И если бы не было все существо этого человека таким безупречно честным, не допускающим ни малейших сомнений в своей чистоте, она могла бы заподозрить его в коварной, продиктованной ревнивым соперничеством, попытке хорошо рассчитанным, упреждающим ударом порвать нежное, как весенняя паутинка, плетение судьбы...

А может, это было героическим решением отчаявшегося влюбленного, который, не в силах сносить затяжную пытку постепенного и неизбежного отчуждения тайно любимой женщины, предпочел самостоятельно положить конец своим надеждам?

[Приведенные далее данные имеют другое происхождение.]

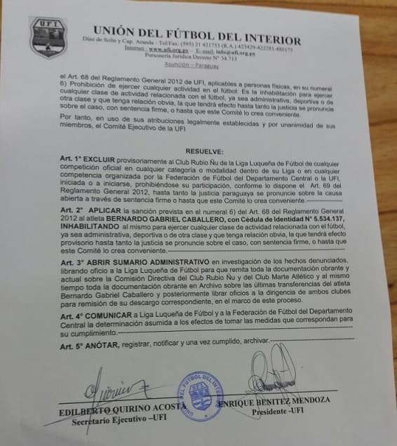Con la determinación, la entidad deportiva queda excluida “de cualquier competición oficial en cualquier categoría o modalidad dentro de la Liga o en cualquier competencia organizada por la Federación del Departamento Central o la UFI, iniciada o a iniciarse”.
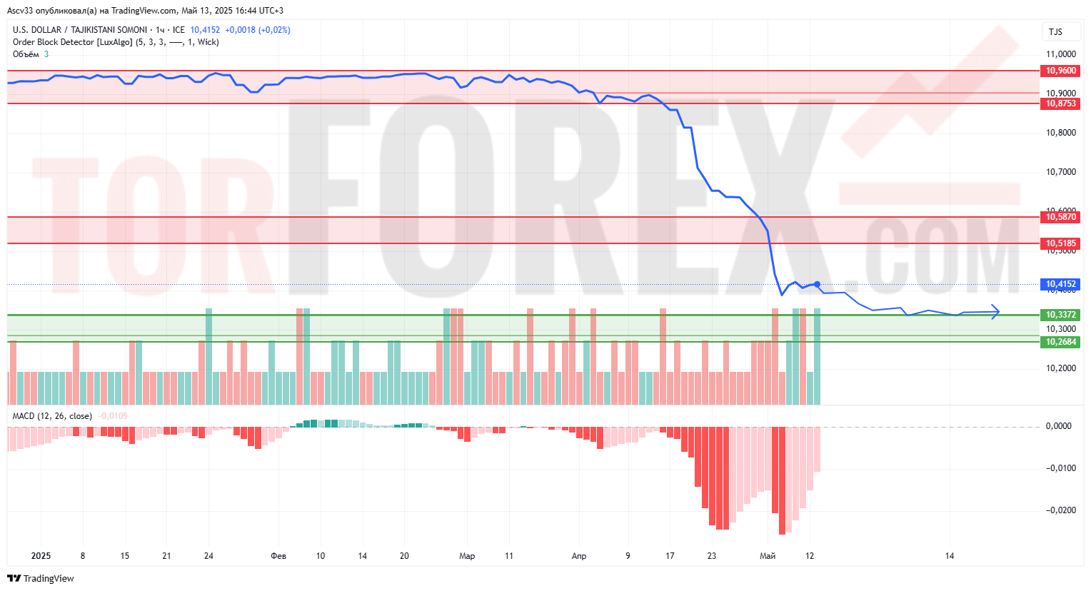 курс usd/tjs продолжает консолидироваться после затяжного снижения, начавшегося в апреле. цена закрепилась ниже уровня сопротивления 10,5185 и торгуется в узком диапазоне между 10,30 и 10,42. макд остаётся в отрицательной зоне, но гистограмма сокращается, что говорит об ослаблении медвежьего импульса.

Интуиция подсказывала ей, что настоящей подоплекой этой странной и неуместной торопливости Сефарди послужило что-то другое, каким-то образом связанное с учением о «мосте жизни», ведь неспроста же, рассказывая о нем, доктор был столь лаконичен...

Вспомнились слова Сваммердама о пришпоривании судьбы — да так отчетливо, будто чьи-то невидимые уста нашептывали ей на ухо.

Когда вчерашней ночью на Зеедейк она, наклонившись над перилами, смотрела в черную жуткую воду грахта, в ней окончательно созрела решимость воспользоваться советом старого энтомолога и «призвать Бога».

А что, если эта встреча с Хаубериссером — следствие ее ночного

решения?.. Смутный ужас, что так оно и есть, охватил девушку... Сумрачная церковь св. Николая, дряхлый сутулый дом с серебряной цепью, свисающей в канал, и человек в лодке, который судорожно пригнулся, пряча лицо, — все это с лихорадочной быстротой, подобно обрывкам страшного сна, промелькнуло перед глазами...

Хаубериссер стоял у стола и в полной растерянности нервно и невнимательно листал страницы какой-то книги.

Ева чувствовала, что необходимо нарушить мучительную паузу и что говорить надо ей.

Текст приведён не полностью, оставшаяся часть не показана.